Vincent Hiron had to endure imprisonment in Russia as a suspected spy before he could enrol.
The 26-year-old French civil engineer and cycling enthusiast had chosen to pedal across 24 countries and 14,000km — a journey that took six months — to make it to Darjeeling to sign up for the course this autumn.
Why didn’t he just catch a flight? Hiron had several reasons.
“I have always enjoyed pushing my limits. I also decided against taking a flight for ecological reasons. Besides, cycling also helps discover cultures,” he told The Telegraph on Sunday over the phone from Kathmandu, where he is holidaying before he returns home.

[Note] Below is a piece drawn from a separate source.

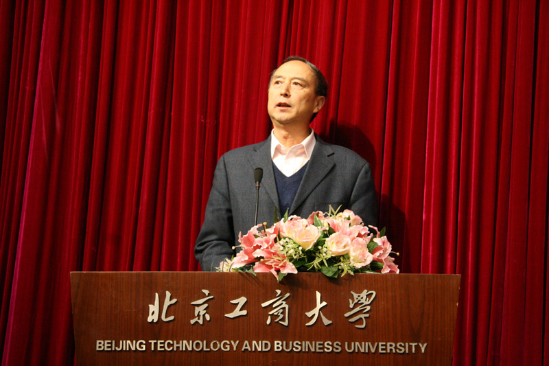 最后,大會進行了北京國粹藝術傳承促進會、北京青春國粹聯盟北京工商大學分會成立暨揭牌儀式。北京工商大學分會是北京國粹藝術傳承促進會建立的第一個高校分會。為紀念一二·九運動76周年,北京京劇院為我校師生演出了現代京劇《沙家浜》全劇。全體演員以精彩絕倫的唱腔和表演博得了在場觀眾的陣陣喝彩。
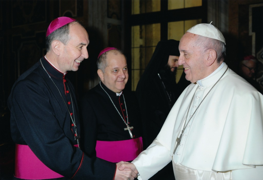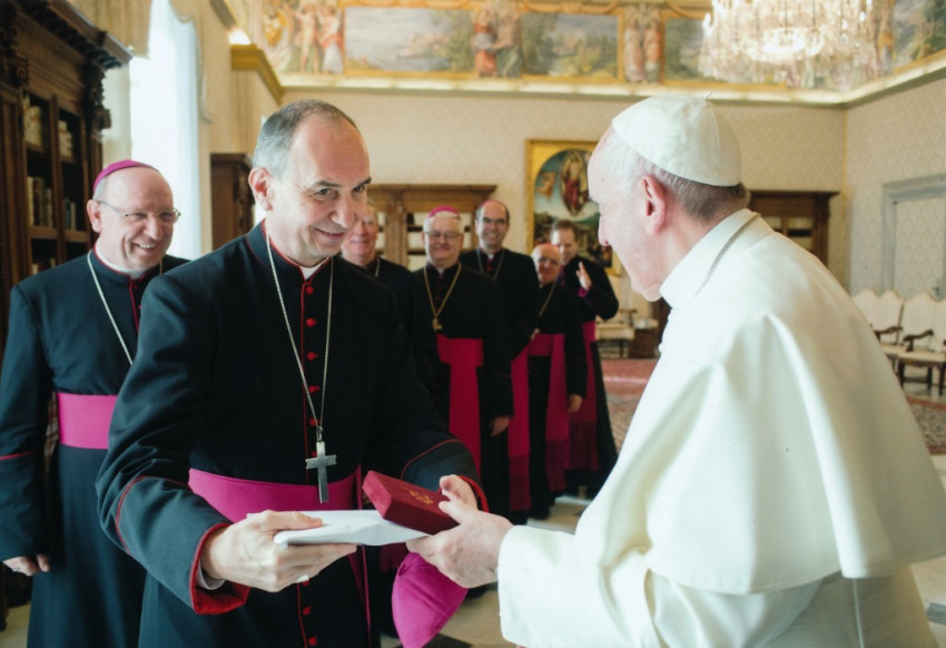 – Számomra meghatározó volt a készület ideje is. Ezt azért tartom fontosnak megemlíteni, mert az a közeg, az a környezet, vagy az a lelki felkészülés, ami aztán a tegnapi, Szentatyával való találkozáshoz vezetett, az mind befolyásolja azt, hogy hogyan értettem, értelmeztem és éltem meg Ferenc pápával való találkozásunkat. Több mint egy éve készültünk a megfelelő kérdések, kérdőívek alapján, munkatársaimat is bevonva ebbe a folyamatba. Nem gondolom, hogy nekem kellene egyedül megválaszolnom a sok kérdést, hanem úgy gondoltam, maga a felkészülés erre a látogatásra az egész egyházmegye feladata. Egészen bizonyos, hogy visszafelé is jótékony hatással van munkatársaim gondolataira, a saját munkánk értékelésére, megítélésére, illetve arra, hogy milyen kritériumok alapján szervezzük a munkánkat; milyen kritérium alapján állapítjuk meg, hogy ez jó vagy rossz irány. Ez óriási segítség volt már a felkészülési időben is. Így tehát, amikor ez az anyag elkészült, elküldtük a nuncius úron keresztül, ezt követően pedig egyre inkább fokozódott bennem a várakozás, hogyan fogunk találkozni Ferenc pápával, hiszen Jézus az ő megváltói művét az ő Egyházára bízza. Az Egyház Péter bizonyosságával a Föld különböző területein, adott körülmények között végzi a szolgálatát, így a Pécsi Egyházmegyében is. Egészen bizonyos, hogy a mi egyházmegyénk nem Isten háta mögötti hely; nem a világ közepe, de az Isten számára fontos hely, mert akarja, hogy az üdvösség műve ott is megvalósuljon. Ennek a feladatnak az élményével jöttem ebbe a találkozásba, és nagyon nagy öröm volt, hogy az ad limina látogatás első napján Ferenc pápával találkozhattunk.

The Himalayan Mountaineering Institute (HMI) course, which stretched from September 20 to October 17, included ice climbing, crevasse rescue, map reading and rappelling as well as absorbing knowledge about mountaineering.
Vincent Hiron at the Ak-Baital Pass in Tajikistan. Sourced by The Telegraph
Hiron’s six-month journey that began in February — he has taken a year’s sabbatical from work — was full of adventure.
“I was jailed in Russia for two days and interrogated by intelligence officials as they suspected I was a spy. I suffered a bout of food poisoning in Uzbekistan,” he said.
“Cycling for two weeks in Tajikistan along the Pamir Highway was a challenge, so was escaping the street dogs that chased me in Turkey.”
Hiron was jailed in Russia as French President Emmanuel Macron had been quoted in the media as saying his country would send troops to help Ukraine. “I was in a situation beyond my control,” Hiron said.
But the young Lyon resident, who had first heard about the HMI course during a visit to India two years ago, has no regrets.
“The course was wonderful. Darjeeling felt so spiritual; the people were wonderful too.”
The HMI, set up in 1954 at the initiative of then Prime Minister Jawaharlal Nehru to commemorate the conquest of Everest by Tenzing Norgay Sherpa and Edmund Hillary, has so far trained nearly 50,000 Indians and 24,000 foreigners.
“But we had never before heard of anyone coming to join the programme by cycling for six months,” an HMI employee said.
Hiron said his journey was educative and enjoyable. Among the countries he travelled through were China and Pakistan. He is well aware of the thorny relations between the three neighbours.
“For all their tensions, Pakistan and India obviously have a lot in common but China is different. In China, I felt the safest but there was no privacy there, with vigilance cameras everywhere.”
If Hiron travelled halfway across the world to participate in it, the HMI programme itself seemed to have come a long way this September.
For the first time in the institute’s 70-year history, it had a transgender — 32-year-old Milind Dattaray Labade — as a trainee.
“This is the first time that the institute has accommodated a transgender in a course,” said the HMI principal, Group Captain Jai Kishan.
Labade, a Pune resident who identifies as a transwoman and works for an NGO, said she did the course not just to pursue her passion for mountaineering but to “create a positive identity for transgender people”.
“If we don’t prove our worth, no one will take us seriously, not even the government,” Labade, who had previously trained as a skydiver and scuba diver, said.
She said she had faced discrimination throughout her life.
“Within the span of a month I had to change my rented accommodation three times. These are the kinds of harassment we face, but we have to prove our worth,” she said.
Labade aspires to climb Everest one day. But Vincent, the diehard environmentalist, will not.
“Sure, I want to climb mountains but I don’t want to be caught in a traffic jam (on Everest),” he laughed. “The mountains are special places.”